Mr Wham said that each week, about three to five domestic workers caring for the elderly or the disabled come to Home for help. "They are all very tired and exhausted when they come to us."
Ms Jayaprema said there are maids with caregiving certificates and that agencies do recommend those. They would cost $650 to $1,000 a month, compared with regular maids who command $550.
But many families are unwilling to pay the higher fees.
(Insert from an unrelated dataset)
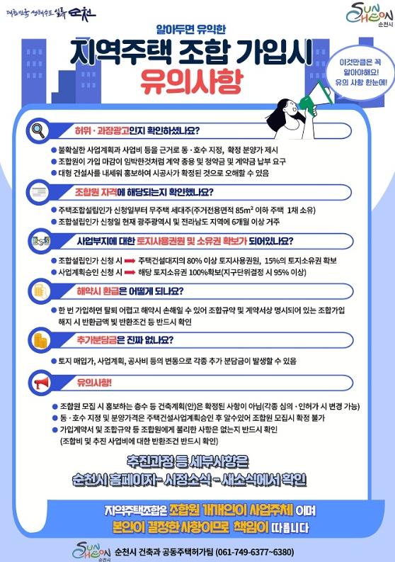 순천시, 지역주택조합 가입 시 시민 피해 예방을 위한 주의 당부

Mr Gee added: "Social attitudes will need to change: those who have relatives who need care need to be convinced of the advantages of hiring dedicated care workers."
Trained in eldercare
Every day, Indonesian maid Ema Yulia, 28, carefully monitors Mr Soh Bock Hiang's many pills of various colours. There are six different ones that the 84-year-old has to take five times a day.
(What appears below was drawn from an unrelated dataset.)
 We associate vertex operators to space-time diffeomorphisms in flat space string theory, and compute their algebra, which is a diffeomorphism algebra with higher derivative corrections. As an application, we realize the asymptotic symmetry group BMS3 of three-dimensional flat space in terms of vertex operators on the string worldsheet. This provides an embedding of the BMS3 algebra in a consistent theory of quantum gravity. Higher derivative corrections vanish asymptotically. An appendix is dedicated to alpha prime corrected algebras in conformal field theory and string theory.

Meanwhile, his wife Huan Soo Kiaw's back hurts. She cooks and cleans and raised 10 children. But now, at 82, she has finally agreed to their children's pleas to have a helper at home.
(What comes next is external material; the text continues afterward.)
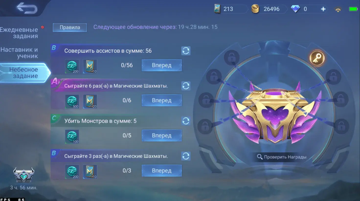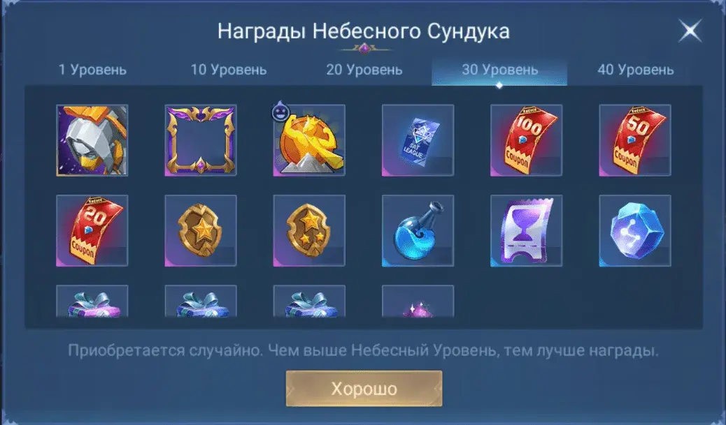 Собрав 8 ключей, вы сможете открыть Небесный Сундук, содержащий волшебную пыль, пропуск на MCL и счастливые билеты. Старайтесь всегда выполнять задания, чтобы повысить небесный ранг и получать еще больше наград.

And so, Ms Ema arrived 21/2 weeks ago.
Madam Huan said: "My children kept wanting to get me a helper, but I never wanted one. But now he's sick I've no choice."
Ms Ema had attended a basic eldercare course at the Ang Mo Kio - Thye Hua Kwan Hospital and knows how to safely transfer an old person from bed to wheelchair, shower him and feed him, among other skills. She is one of the maids from a scheme that has them trained in eldercare before they are matched with a family.
She is paid $640 a month, higher than the average of $500 or so that others get.
Advanced tutoring too tough
Every weekday afternoon, she would help a four-year-old with his maths, reading and writing, art and motor skills.
Some days, she would even use Japanese teaching methods called Herugu and Shichida.
But Miss Margie Laguit, 36, is no superstar tutor. She did not even finish primary school in the Philippines.
"They said it is part of my work," she said, of her employers. She started working for them in December 2015.
According to the timetables Ms Laguit showed The Sunday Times, she would be out of bed by 5.45am to get the two children ready for school. She would then clean the four-room HDB flat and cook. But the household chores did not bother her.
"Just don't force me to teach the kids. Mathematics and English I can do, but Shichida, I cannot do."
There is no law prohibiting domestic helpers from tutoring, but Mr Jolovan Wham, acting executive director for Humanitarian Organisation for Migration Economics, said employers cannot expect advanced tutoring.
Miss Laguit asked to be sent home multiple times, but said her employers kept delaying. Frustrated, she ran away from her employers last month. "I just want to go home," she said.
Asked to work at employer's restaurant too
All was well when Ms Tusriyati, 31, joined her fifth employer last June.
But, in December, came an odd request. Ms Tusriyati's employer took her to his new restaurant and asked her to clean the place. Soon, she was working there full time, serving food and handling the cash register like a regular employee. This continued till she ran away on Feb 23.
"I was scared the Government (would) catch me. I know my work permit is only for working in the home," she said.
Foreigners employed as domestic workers can only " perform household and domestic duties at the residential address as stated in the work permit", states the Employment of Foreign Manpower Act.
Friendly patrons of the restaurant would make conversation and she worried that she would let the truth slip. "My employer said, don't tell anyone you are a maid. Say you're married to a Singaporean," she said.
Ms Tusriyati, who is at a shelter now, said that the work at home was also tough. Her employers, a couple in their 30s, were particular about cleanliness. The car had to be washed daily, the floors swept, mopped and vacuumed twice a day.